D. Performance standards.
(1) General standards. The following general standards
are hereby adopted for the control of uses in any light industrial
district, and no use shall be permitted, established, maintained or
conducted therein which shall cause or be likely to cause:
(a)
Excessive smoke, fumes, gas, dust, odor or any
other atmospheric pollutant beyond the boundaries of the lot whereon
such use is located. When smoke is excessive shall be determined according
to the Ringelmann's Scale for Grading the Density of Smoke, published
by the United States Bureau of Mines, when the shade or appearance
of such smoke is darker than No. 2 on said Ringelmann Smoke Chart.
(b)
Noise perceptible beyond the boundaries of the
lot occupied by such use causing the same.
(c)
Any pollution by discharge of any waste material
whatsoever into any watercourse, open ditch or land surface.
(d)
Discharge of any waste material whatsoever into
any sanitary disposal system or sewerage system, except only in accordance
with the rules of and under the control of public authorities or the
public body controlling such sewerage system. Any chemical or industrial
waste which places undue loads, as determined by the Town Engineer,
shall not be discharged into any municipal system and must be treated
by the industrial use.
(e)
Storage or stocking of any waste materials whatsoever.
(f)
Glare or vibration perceptible beyond the lot
lines whereon such use is conducted.
(g)
Hazard to person or property by reason of fire,
explosion, radiation or other cause.
(h)
Any other nuisance harmful to persons or property.
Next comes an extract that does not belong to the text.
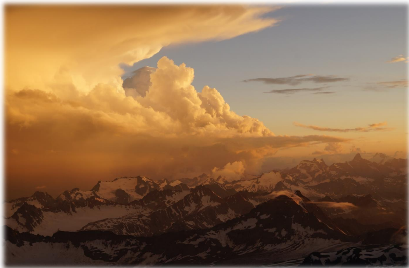
Рис.20 – Горы... Вид от приюта «Мария».

Мы уверены, что этот день будет одним из счастливо-радостных дней в Вашей жизни, ведь Вы возвращаетесь домой покорителем самой высокой точки Европы. Но неумемная тоска по Горам, которые Вы покидаете, откладывает некоторый оттенок грусти. И Вы внутренне обещаете себе вернуться... Может монетку кинуть?..

(2) Specific standards. The following specific standards
are hereby adopted and must be complied with, for and by any use in
any light industrial office district and before the same is permitted,
established, maintained or conducted:
(a)
Storage facilities. Exterior storage of materials,
supplies or semifinished products and other similar outdoor activities
shall be completely screened from view from all adjacent streets and
from properties outside the industrial district at all times of the
year by fences, walls and evergreen plantings or a combination thereof
with a height of at least eight feet.
[Amended 9-21-1991 by L.L. No. 1-1991]
(b)
Loading docks. Loading docks shall be completely screened from view of all adjacent streets and from properties outside the industrial district in the manner described in Subsection
D(2)(a) above.
[Amended 9-21-1991 by L.L. No. 1-1991]
(c)
Landscaping. It is hereby declared that all
areas of the plot not occupied by buildings, parking, driveways or
walkways or storage shall be landscaped attractively with lawn, trees,
shrubs or other plant material. Such landscaping shall take into consideration
the natural growth presently on the premises and the nature and condition
of the terrain, as well as the situation of the lands and premises
themselves and with regard to adjoining lands and premises.
(d)
Fences and walls. Property that is adjacent
to a residential or business district shall be provided along such
property lines with a wall, fence, compact evergreen hedge or a landscaped
strip of trees and shrubs so designed as to form a visual screen not
less than six feet high at the time of planting. Except for landscaped
areas and parking areas, a use which is not conducted within a completely
enclosed building shall be screened by a six-foot solid masonry wall,
chain link fence covered with an evergreen vine or compact evergreen
hedge. Where a front yard adjoins a street, the wall, fence or hedge
shall be located no closer to the street than the depth of the required
yard.
(e)
Off-street parking and loading. Refer to §
210-29.
(g)
Buffer strip. In addition to fences, walls and
screening otherwise required in this section, any industrial district
shall be surrounded on all sides by a buffer strip at least 100 feet
wide within the industrial district. Such buffer strip shall be comprised
of natural growth supplemented by landscaping suitable to the character
and terrain of the site, shall remain undisturbed by other site activities
and shall not be used for storage, parking, loading, recreation, fire
lane or similar activities, except for an access road with a maximum
width of 20 feet.
[Amended 9-21-1991 by L.L. No. 1-1991]
(3) Proper and adequate water supply, sewerage and waste
disposal, other utility services and accessibility to and from public
streets must be provided.
(4) Special consideration must be given to the traffic
generated by each proposed use in a light industrial office district,
and no undue traffic volumes shall be permitted on residential streets.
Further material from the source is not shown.